- Supplied data:
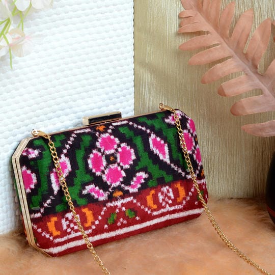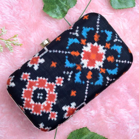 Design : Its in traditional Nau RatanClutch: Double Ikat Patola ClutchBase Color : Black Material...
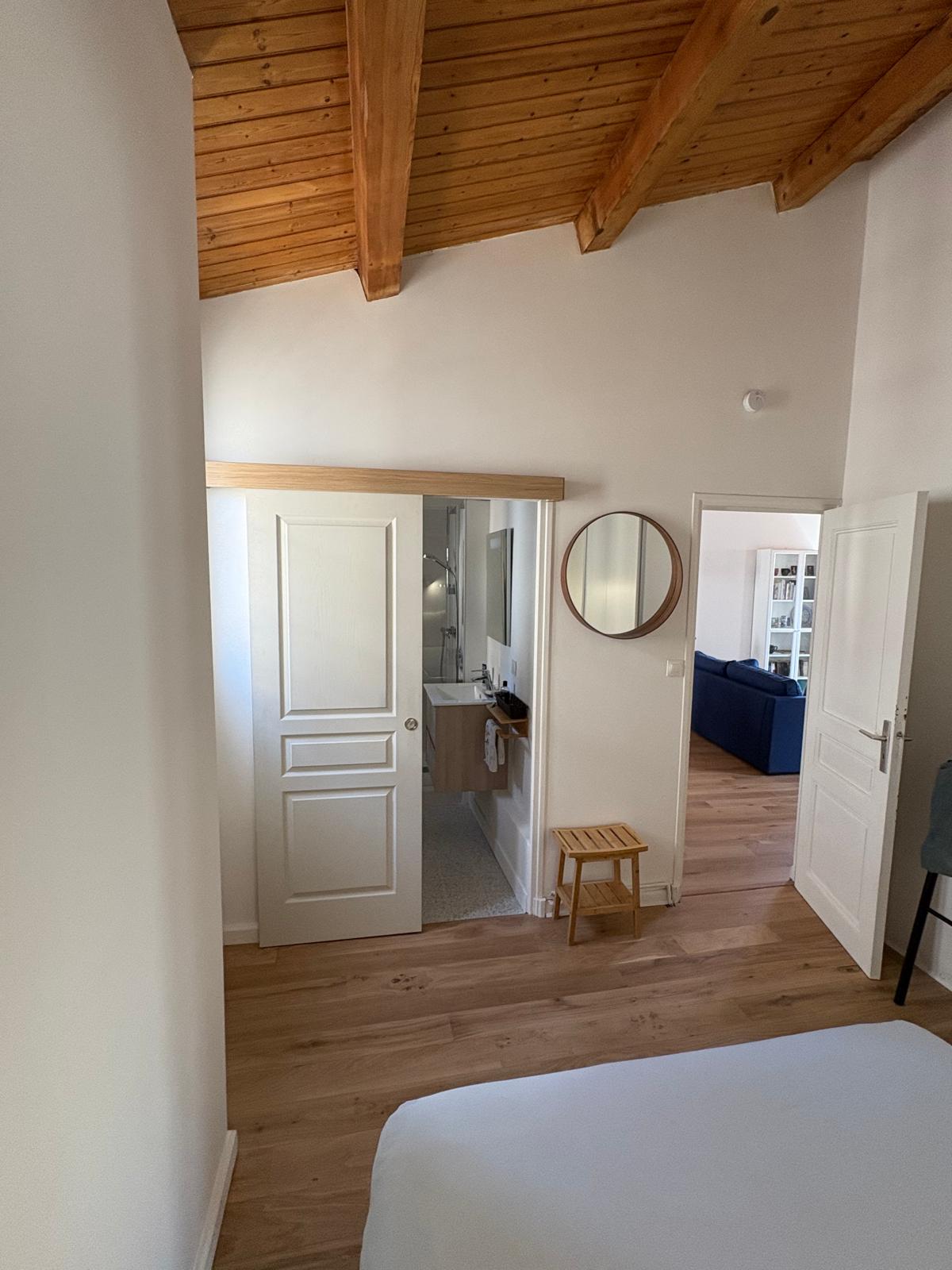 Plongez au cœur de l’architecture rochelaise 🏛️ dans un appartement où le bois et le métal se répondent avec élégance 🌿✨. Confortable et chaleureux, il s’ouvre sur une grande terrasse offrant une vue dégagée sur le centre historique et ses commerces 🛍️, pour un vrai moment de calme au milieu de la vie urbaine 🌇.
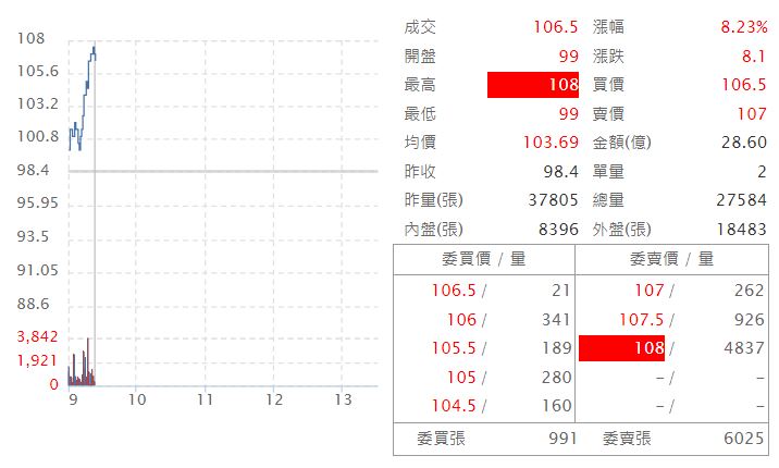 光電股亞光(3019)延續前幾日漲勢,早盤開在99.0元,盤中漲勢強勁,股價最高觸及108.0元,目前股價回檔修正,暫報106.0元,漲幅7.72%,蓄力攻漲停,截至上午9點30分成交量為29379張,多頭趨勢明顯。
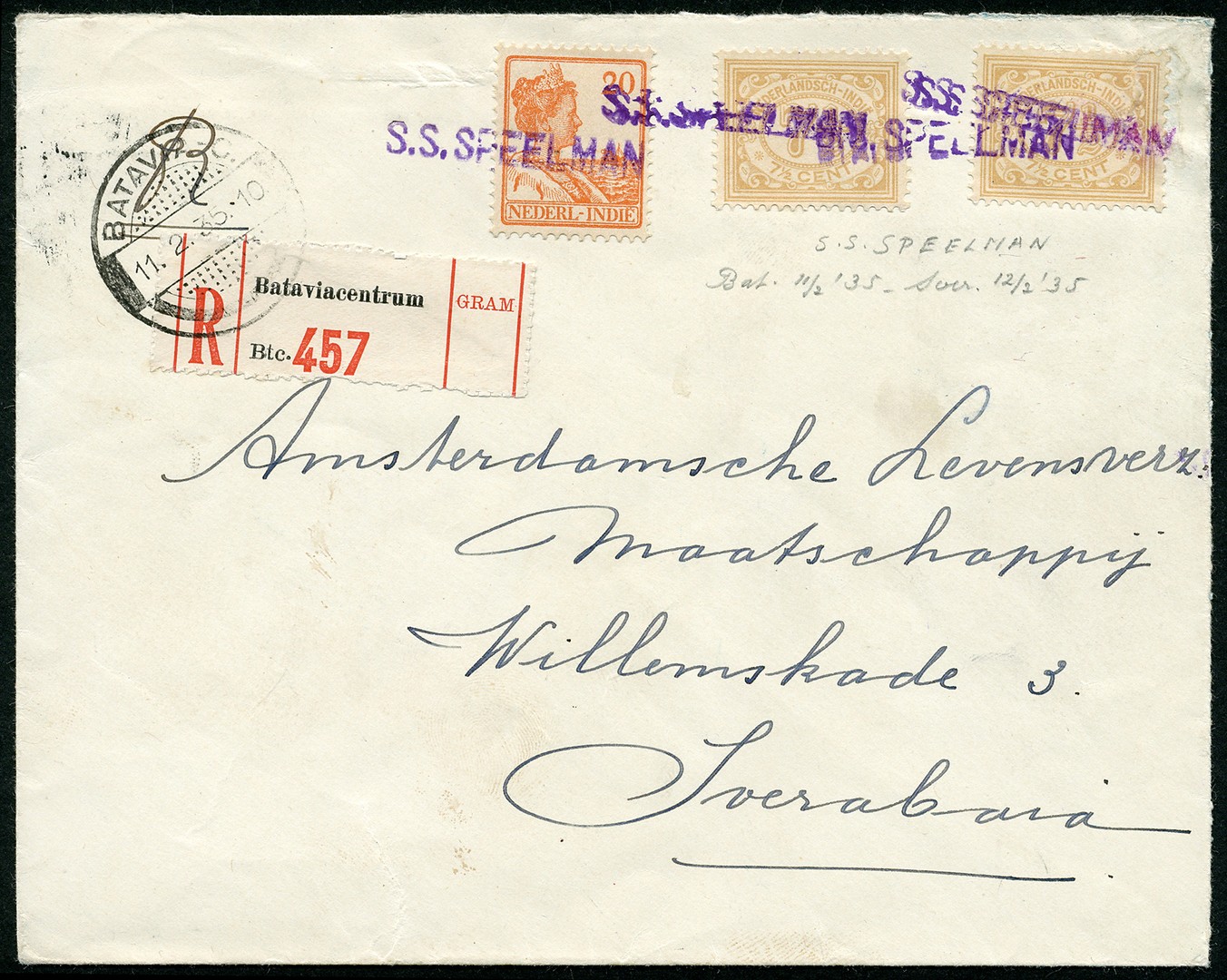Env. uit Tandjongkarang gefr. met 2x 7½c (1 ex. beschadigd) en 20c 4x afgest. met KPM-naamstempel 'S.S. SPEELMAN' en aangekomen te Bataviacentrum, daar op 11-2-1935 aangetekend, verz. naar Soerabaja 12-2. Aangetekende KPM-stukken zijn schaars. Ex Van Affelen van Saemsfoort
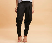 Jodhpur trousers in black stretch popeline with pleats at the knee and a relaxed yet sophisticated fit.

- Exercise instructions: Only the lines from the one containing "光電股亞光(3019)延續前" through the last line of the entries above belong in the copy; reproduce them exactly and drop every picture.

- Exercise answer:
 光電股亞光(3019)延續前幾日漲勢,早盤開在99.0元,盤中漲勢強勁,股價最高觸及108.0元,目前股價回檔修正,暫報106.0元,漲幅7.72%,蓄力攻漲停,截至上午9點30分成交量為29379張,多頭趨勢明顯。
Env. uit Tandjongkarang gefr. met 2x 7½c (1 ex. beschadigd) en 20c 4x afgest. met KPM-naamstempel 'S.S. SPEELMAN' en aangekomen te Bataviacentrum, daar op 11-2-1935 aangetekend, verz. naar Soerabaja 12-2. Aangetekende KPM-stukken zijn schaars. Ex Van Affelen van Saemsfoort
 Jodhpur trousers in black stretch popeline with pleats at the knee and a relaxed yet sophisticated fit.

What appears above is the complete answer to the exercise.